Чонгук и Шуга свернули в другую калитку, провожаемые старшим буддистом, а я, мимо закрытых сувенирных лавок, поглядывая на торчащие из-за монастырской стены макушки пагод, пошаркала за своим проводником.
Примечания:
* левополые – китайское понятие, синонимичное европейскому «варвары». В Европе слово пошло из Античности, от слова «барба», борода, т. е. все, кто не брились – были дикарями. В Китае же коренное население носило одежду (халаты, платья, рубашки), запахивая правую полу поверх левой, в то время как все окружающие народности (монголы, тибетцы, тунгусы, тюрки и пр.) верхней запахивали левую полу. По этому признаку китайцы определяли своих «варваров»
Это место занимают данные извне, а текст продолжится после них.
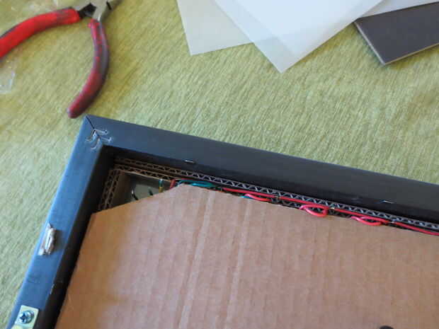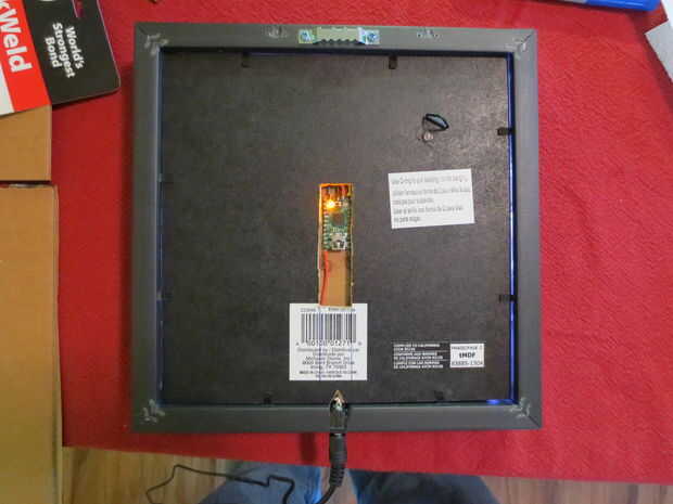 Si desea que la matriz sea fácilmente reprogramable, corte una ranura en la parte posterior para proporcionar fácil acceso al microcontrolador. Las dos últimas imágenes muestran el cuadro montado completamente.

**Чжулун – мифический китайский дракон, держащий свечу, чтобы разгонять мрак. Считается, что от его дыхания зависит погода, а от того, закрыты или открыты его глаза – наступает день или ночь
*** Кашьяпа Матанга – настоящее имя. Шэ Мотен – китайское наименование
**** Дхармаратна – настоящее имя. Чжу Фалань – китайское наименование
***** имеется в виду самому учению, отказ от страстей и стремление к нирване
****** Дамо – основатель чань(дзен) – буддизма, основоположник учения шаолиньской школы, святой, медитировавший в этих местах
Перевод буддийских сутр с китайского А.В. Чебунина (в других переводах они могут звучать иначе и даже нести несколько другой смысл)
Уйдя из Шаолиня
Устроившись аскетически скромно, Шуга и Чонгук поужинали постной ячменной похлебкой с цампой и запили это всё чаем с женьшенем, после чего младший ушёл на тренировочный двор, размяться со старшими и лучшими учениками Шаолиня. Здесь они не говорили, что являются золотыми, представлялись просто представителями корейских школ боевых искусств, противопоставляя тхэквондо кунг-фу и, поскольку Чонгука здесь уже видели не первый раз, и знали, как очень талантливого молодого воина, никогда не отказывали ему в ночлеге и дружеском бое для проверки умений. Золотые не доверяли шаолиньской любви к деньгам. Если они раскрывали свои секреты и знания для всего мира, ведясь на прибыль, если они готовы были быть хоть артистами для развлечения, лишь бы жить припеваючи, кто может гарантировать, что их не купит Дзи-си или Дракон? Вместе с теми тридцатью тысячами студентов, что представляют собой настоящую армию. И тогда, какими бы не были золотые могучими и ловкими, их просто сотрут и уничтожат, задавив количеством.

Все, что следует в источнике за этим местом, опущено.